Retail inflation likely to soften to 4.5 per cent in 2017

January 16, 2017 10:50 pm | Updated January 20, 2017 03:38 pm IST - THIRUVANANTHAPURAM:

The Consumer Price Index (CPI) is likely to soften to 4.5% in 2017 from 4.9% in 2016, said rating agency ICRA in a report.

Key factors that will dominate CPI inflation in 2017 include monsoon dynamics, the impact of the Goods and Services Tax (GST) on prices, commodity price movements, and the Rupee – U.S. dollar exchange rate, said Moody’s Investors Service and its Indian affiliate, ICRA.

Based on the minutes of the Monetary Policy Committee’s December 2016 meeting — which revealed a renewed emphasis by some members on achieving the mid-point, or 4%, of the inflation target range of 2%-6% — the room for incremental repo rate cuts will prove limited, at 25 basis points over the next six months.

Moody’s explained that the implementation of the pending GST and other measures aimed at enhancing income declaration and tax collection will help widen India’s tax base and boost revenues. However, such a boost would only materialise over time, with the magnitude uncertain at this point, the report said.

‘Deficit sizeable’

As a result, the general government deficit will remain sizeable, and any reduction in India’s government debt burden will largely rely on robust nominal GDP growth.

Moody’s expected that India’s debt-to-GDP will hover around the current levels (at 68.6 per cent in 2015) before falling gradually, as nominal GDP growth is sustained and revenue-broadening and expenditure efficiency-enhancing measures take effect.

On the fiscal front, Moody’s said that the government would likely remain committed to achieving its fiscal deficit target of 3.5% of GDP for the fiscal year ending March 31, 2017.

However, room to reduce the deficit further to the target of 3% of GDP in the following year will be limited, due to the need for increased infrastructure spending and higher government salaries.

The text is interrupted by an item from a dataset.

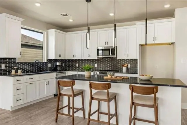 Step inside to a spacious living room anchored by a sleek electric fireplace, creating a warm and inviting focal point. The open flow leads directly into the kitchen, where dark granite countertops provide a striking contrast to the bright space. A large kitchen island offers additional prep space and seating, while stainless steel appliances and abundant cabinetry make this kitchen as functional as it is stunning.

The government announced its intention to increase public capital expenditure in the last budget to help reduce supply-side bottlenecks and stimulate growth.

Meanwhile, wages and salaries accounted for about 50% of total fiscal expenditure, with a large, one in 10-year increase in central government compensation just implemented.

Moody’s said it expected that the government to renew its commitment to increase capital spending and address the short-term disruptive impact of demonetisation, during its budget speech on February 1.

Moody’s and ICRA pointed out that after a temporary dampening effect on consumption and investment in the medium-term, demonetisation would likely strengthen India’s institutional framework — by reducing tax avoidance and corruption — and should support efficiency gains through a greater formalisation of economic and financial activity.

The report also pointed out that in an environment of lacklustre global trade, and with economies globally facing the increasing risk of protectionism, India’s very large domestic markets provide a relative competitive advantage when compared with smaller and more trade-reliant economies.